Eine Besonderheit in der Volvo Lkw-Palette stellte ab 1979 die zweite Generation des CH 230 für die Schweiz dar, wo die maximale Breite für Lastwagen noch bis Anfang der 1990er-Jahre nur 2,30 Meter betrug. Das Fahrerhaus des neuen CH 230 war nicht mehr vom F 89 abgeleitet, sondern basierte auf dem F7. Erhöhte Kotflügel und ein Blechteil mit Kühlschlitzen zwischen den Scheinwerfern waren die sichtbaren Kennzeichen.

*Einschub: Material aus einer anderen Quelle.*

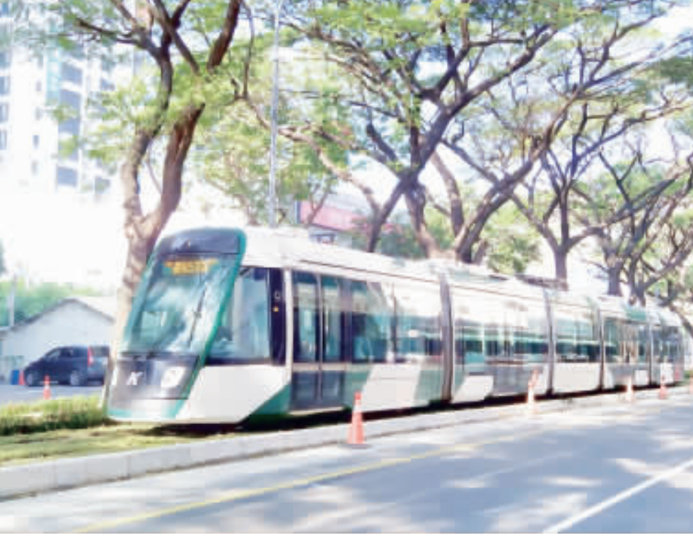
高雄環狀輕軌將完成最後一哩路的大順路工程，預計2024年元旦全線通車，達成「輕軌成圓」目標。

【中央社記者蔡孟好高雄16日電】高雄環狀輕軌將完成最後一哩路的大順路工程，預計明年元旦全線通車。環狀輕軌全線共38站，可與捷運紅、橘、黃線及台鐵等8站互轉乘，成為串連高雄大眾運輸路網重要一環。 高雄輕軌為圓形環狀線，分兩階段興建，第一階段從C1離仔內站到C14哈瑪星站，第二階段C15壽山公園站到C7輕軌機廠站，全線38站。輕軌也分多次逐站通車，最後的大順路工程完工後，輕軌正式成圓，全線明年元旦通車。 回顧輕軌施工過程，輕軌第一階段新增「岡山車站」一，預計明年6月通車，全線預計預計118年通車。 「4線齊發」完工後，高雄捷運路網將從現有的紅、橘線38站及輕軌38站，增加至全線42站，總長度112公里，將大幅提升高雄大眾運輸路網覆蓋率，吸引大眾運輸人口成長。

CH 230 der zweiten Generation von 1979

Ein weiterer Schritt zur Stärkung der guten Position im internationalen Fernverkehr war 1979 die Einführung der Globetrotter-Kabine für die Baureihen F 10 und F 12 auf der Internationalen Automobil-Ausstellung IAA in Frankfurt am Main. Die Innenhöhe von fast zwei Metern ermöglichte dem Fahrpersonal aufrechtes Stehen. Trotz 190 kg Mehrgewicht und einem beachtlichen Preisaufschlag kam das Globetrotter-Fahrerhaus am Markt gut an. Die Konkurrenz musste in den nächsten Jahren nachziehen.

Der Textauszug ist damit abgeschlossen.